O agente funerário coçou
a cabeça, pensou mais um pouco, pareceu hesitar um pouco, mas acabou falando:
– Olhe,
delegado, nas mortes dos outros anos, não. Mas nestas últimas incluindo o
Valdemar Silva nisso, tem alguma coisa que me deixou com a pulga atrás da
orelha. Pode ser uma bobagem, uma coisa sem importância. Pode ser até que as
pessoas tivessem uma doença do fígado, sei lá.
– E que
coisa era essa, Seu Alcebíades?
– Pois
olhe, rapaz, não em todos, mas em três deles, eu notei uma coisa esquisita
mesmo. A COR da pele deles.
O
delegado deu um pulo no assento da viatura, bateu com a cabeça no teto,
disfarçou o entusiasmo:
– Quais
deles?
– Pois o
Silva, a mocinha grávida e o Pimenta, o colega do Silva.
– Que
tal, delegado? – comentou Eurico, igualmente entusiasmado.
– A cor
era o AMARELO, Seu Alcebíades?
–
Caramba! Era isso mesmo, delegado. Como é que o senhor adivinhou?
– Muito
bem, caro Alcebíades Trancoso, chegou a hora de a polícia de Amarante lhe fazer
uma revelação. Uma revelação estarrecedora, uma revelação de um assassinato que
nós estamos mantendo em segredo até hoje. Eu sei muito bem que posso confiar no
senhor, como já demonstrou cabalmente na armação que a gente fez pra fingir a
morte do Celso Teles. Sem a sua participação e sem o seu sigilo, nada teria
dado certo. Pois prepare-se: Valdemar Silva foi assassinado! Não morreu do coração.
Foi envenenado.
O
papa-defuntos soltou um assobio de surpresa e disse:
–
Caramba! E isso tem a ver com a cor amarela dele?
– Tudo a
ver, Seu Alcebíades. O veneno usado provoca essa cor por algumas horas, até
desaparecer. Depois a cor e o resíduo do próprio veneno desaparecem. Se a gente
não colher o sangue até poucas horas depois da morte, uma exumação não encontra
mais resíduos dele.
–
Que coisa incrível, delegado! Mas então as outras duas pessoas, os outros dois
amarelos...
– Bem –
disse o investigador estagiário – é exatamente isso que nós estamos procurando
aqui com o senhor.

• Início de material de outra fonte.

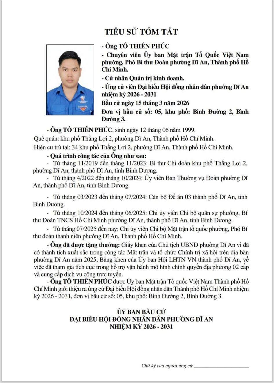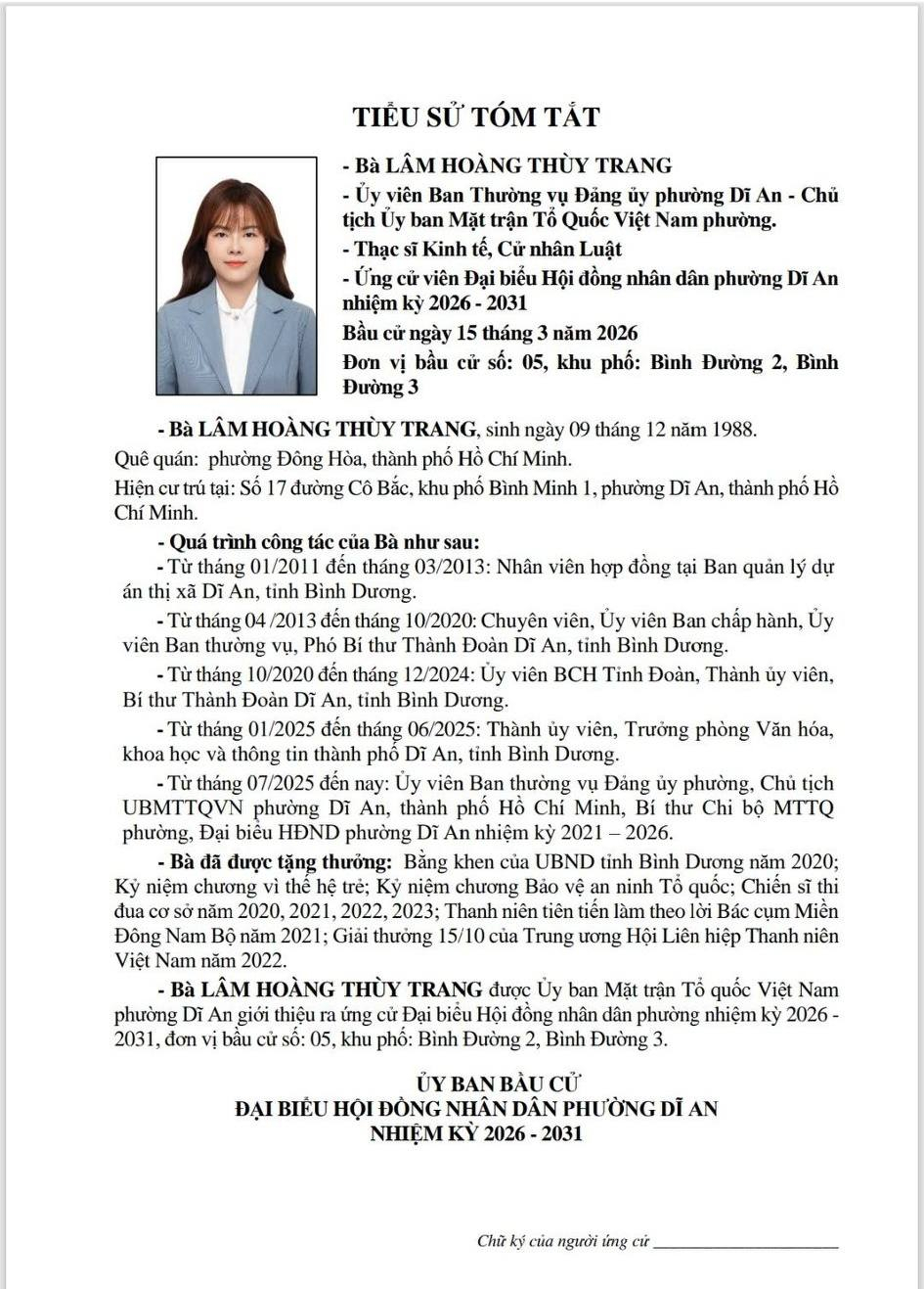 TIỂU SỬ TÓM TẮT CÁC ỨNG CỬ VIÊN ĐẠI BIỂU HĐND PHƯỜNG DĨ AN NK 2026 - 2031 (Đơn vị bầu cử số 5)

E o mais incrível, é que NÓS ENCONTRAMOS!
– Seu Alcebíades
do céu! O senhor tem uma memória assombrosa! – falou o delegado, quase
gritando.
– Ora,
obrigado, delegado, mas isso não é nada perto do registro, das fichas que eu
tenho dessas pessoas. E das fotografias. Espere só que eu vou buscar no
arquivo. Vou demorar um pouquinho. Ah, agora eu compreendo porque vocês
quiseram falar comigo aqui na viatura. O caso é gravíssimo, pode corresponder a
mais de um assassinato. É ultrassecreto!
– Top secret, Seu Alcebíades. Sigilo
absoluto.
– Claro,
claro, contem comigo. Agora preciso ir pro escritório, com licença.